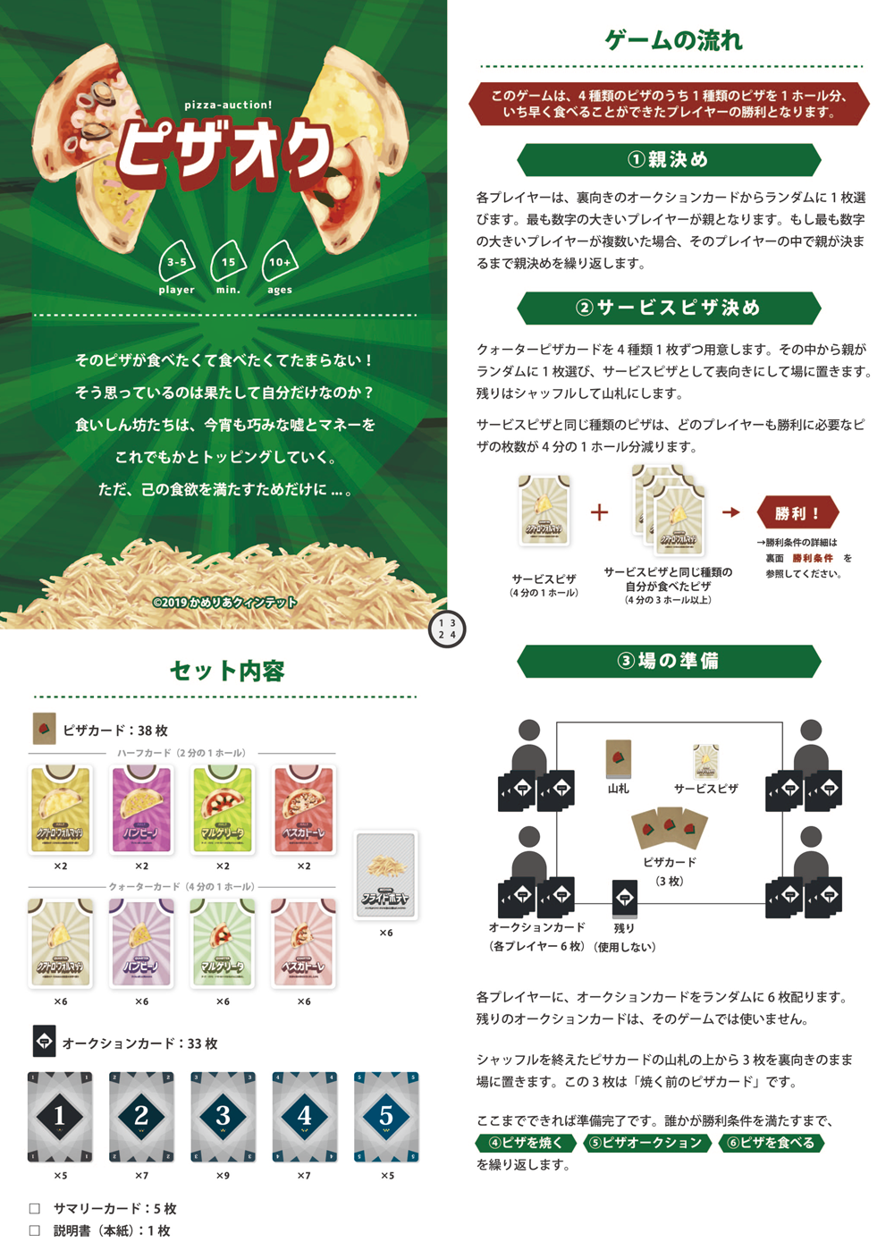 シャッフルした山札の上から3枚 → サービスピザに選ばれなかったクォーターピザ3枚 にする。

********

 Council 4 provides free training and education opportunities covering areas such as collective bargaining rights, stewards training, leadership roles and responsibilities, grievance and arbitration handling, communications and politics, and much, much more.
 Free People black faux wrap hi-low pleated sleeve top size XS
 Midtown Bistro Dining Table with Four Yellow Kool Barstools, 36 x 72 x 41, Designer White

********

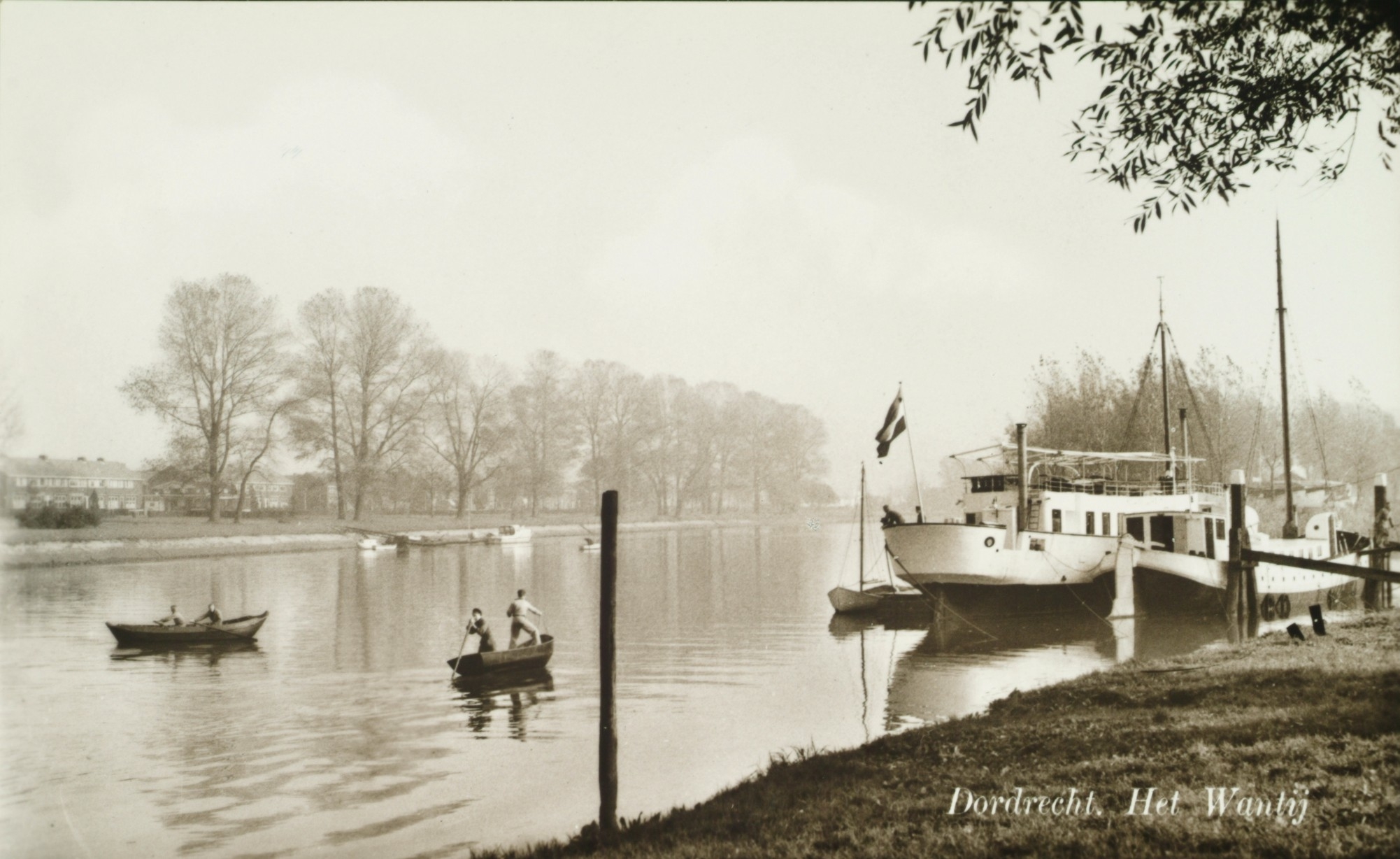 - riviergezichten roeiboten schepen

********

Precisely the lines between those holding "Council 4 provides" and "Midtown Bistro Dining", inclusive, are to be reproduced from the listing above, with nothing added.

 Council 4 provides free training and education opportunities covering areas such as collective bargaining rights, stewards training, leadership roles and responsibilities, grievance and arbitration handling, communications and politics, and much, much more.
 Free People black faux wrap hi-low pleated sleeve top size XS
 Midtown Bistro Dining Table with Four Yellow Kool Barstools, 36 x 72 x 41, Designer White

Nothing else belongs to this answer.